This is a very nice argument. I think it also contains a subtle argument for the supiriority of a Humian or Kantian understanding of property to a Lockean one, but I guess that wasn't the main point. I'll point my students to it.
 

Thank you for not squirreling away this gem of analysis in some turgid law review article, like so many interesting and important legal ideas from so many minds. The ideas are simple and powerful; so should be their expression.
 

The Constitution clearly in some fashion protects substantive rights and surely substantive due process has a time-old history, one reflected in anti-slavery thought.

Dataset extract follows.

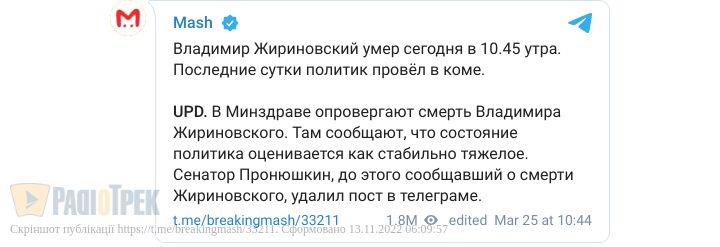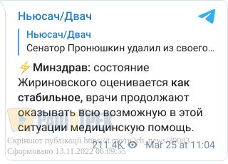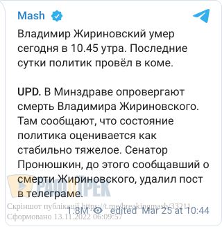 Так, 11 березня вони говорили, що його вивели з медикаментозної ком, що він нібито «притомний і вже отримує документи від помічників».

And, Dred Scott in some ways does trump the Insular Cases as a liberty protecting measure.

But the "gotcha" is a bit too cute in that Justice Thomas in his "dissent" was guided by various principles, including, the original meaning (or his reading of it) of "public use" that he held to be restrictive.

This would include the substantive property rights tied to it. This has a limited reach though for those who like substantive due process generally.

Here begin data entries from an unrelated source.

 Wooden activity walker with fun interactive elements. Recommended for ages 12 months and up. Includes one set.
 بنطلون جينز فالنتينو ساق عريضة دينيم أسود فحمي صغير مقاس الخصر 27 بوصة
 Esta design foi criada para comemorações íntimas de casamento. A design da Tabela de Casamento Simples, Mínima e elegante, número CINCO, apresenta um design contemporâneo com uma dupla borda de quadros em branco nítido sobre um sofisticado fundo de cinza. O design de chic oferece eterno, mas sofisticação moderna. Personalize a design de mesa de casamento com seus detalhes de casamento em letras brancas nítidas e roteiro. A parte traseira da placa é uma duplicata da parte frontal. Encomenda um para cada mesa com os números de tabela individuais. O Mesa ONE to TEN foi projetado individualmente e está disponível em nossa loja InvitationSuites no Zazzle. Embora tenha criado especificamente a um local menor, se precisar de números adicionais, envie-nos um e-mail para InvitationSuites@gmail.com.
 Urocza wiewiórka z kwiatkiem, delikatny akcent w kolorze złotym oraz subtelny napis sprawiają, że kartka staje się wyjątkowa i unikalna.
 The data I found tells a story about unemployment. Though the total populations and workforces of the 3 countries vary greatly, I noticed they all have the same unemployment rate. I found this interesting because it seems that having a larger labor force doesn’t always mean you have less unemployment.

Thomas also accepts a substantive content to the privileges and immunities provision. I also believe he disagreed with the Calder limitation of ex post fato laws to civil cases, so that adds additional safeguards to property.

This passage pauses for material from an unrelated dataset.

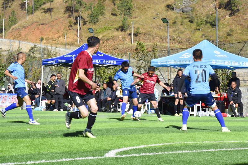 據(jù)了解,“園區(qū)杯”為期3天,共有來(lái)自昆明、大理、迪慶的9支代表隊(duì)參賽。比賽采取單循環(huán)積分制的形式進(jìn)行,最終決出冠、亞、季軍?;顒?dòng)旨在以足球運(yùn)動(dòng)為橋梁,積極與省內(nèi)開(kāi)發(fā)區(qū)、產(chǎn)業(yè)園區(qū),毗鄰縣、市互鑒互學(xué),進(jìn)一步增強(qiáng)園區(qū)干部群眾加快推進(jìn)香格里拉產(chǎn)業(yè)園區(qū)高質(zhì)量發(fā)展的向心力和凝聚力,助力園區(qū)高質(zhì)量發(fā)展。 圖為參賽隊(duì)員正在賽場(chǎng)上奮勇比拼。
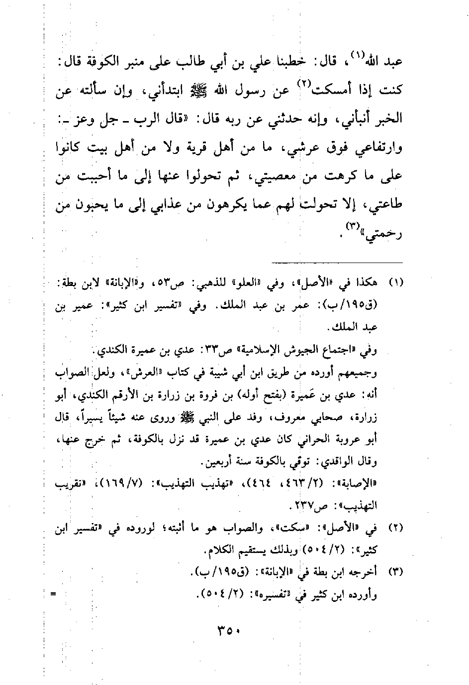 1 هكذا في "الأصل"، وفي "العلو" للذهبي: ص 53، و"الإبانة" لابن بطة: (ق هـ 19/ ب) : عمر بن عبد الملك. وفي "تفسير ابن كثير": عمير بن عبد الملك.

So, he has ways to protect substantive rights w/o using substantive due process per se.
 

I'm not sure Jack is right in suggesting that Justice Thomas does not believe the Constitution protects unenumerated rights. See, for example, his concurring opinion (fn. 1) in Troxel v. Granville, and his dissent in Saenz v. Roe. I suspect that Justice Thomas's objection to, say, Roe v. Wade, is not that the right to abortion is not specifically enumerated, but that (in his view) the right to abortion is neither enumerated nor one of the unenumerated, fundamental rights that the Constitution nonetheless protects.
 

I don't think it's correct to argue that Calder v. Bull really had much of anything to do with the Due Process Clause. Moreover, the comments of Justice Chase in that case did not go undisputed. Both Justices Iredell and Patterson felt very differently from Justice Chase. Here's what Iredell said:

"It is true, that some speculative jurists have held, that a legislative act against natural justice must, in itself, be void; but I cannot think that, under such a government, any Court of Justice would possess a power to declare it so. Sir William Blackstone, having put the strong case of an act of Parliament, which should authorise a man to try his own cause, explicitly adds, that even in that case, 'there is no court that has power to defeat the intent of the Legislature, when couched in such evident and express words, as leave no doubt whether it was the intent of the Legislature, or no.' 1 Bl. Com. 91."

Likewise, Justice Patterson agreed to uphold the retrospective Connecticut law in Calder v. Bull even though he felt that it violated the "fundamental principles of the social compact." Here's what Patterson said:

"I had an ardent desire to have extended the provision in the Constitution to retrospective laws in general. There is neither policy nor safety in such laws; and, therefore, I have always had a strong aversion against them. It may, in general, be truly observed of retrospective laws of every description, that they neither accord with sound legislation, nor the fundamental principles of the social compact."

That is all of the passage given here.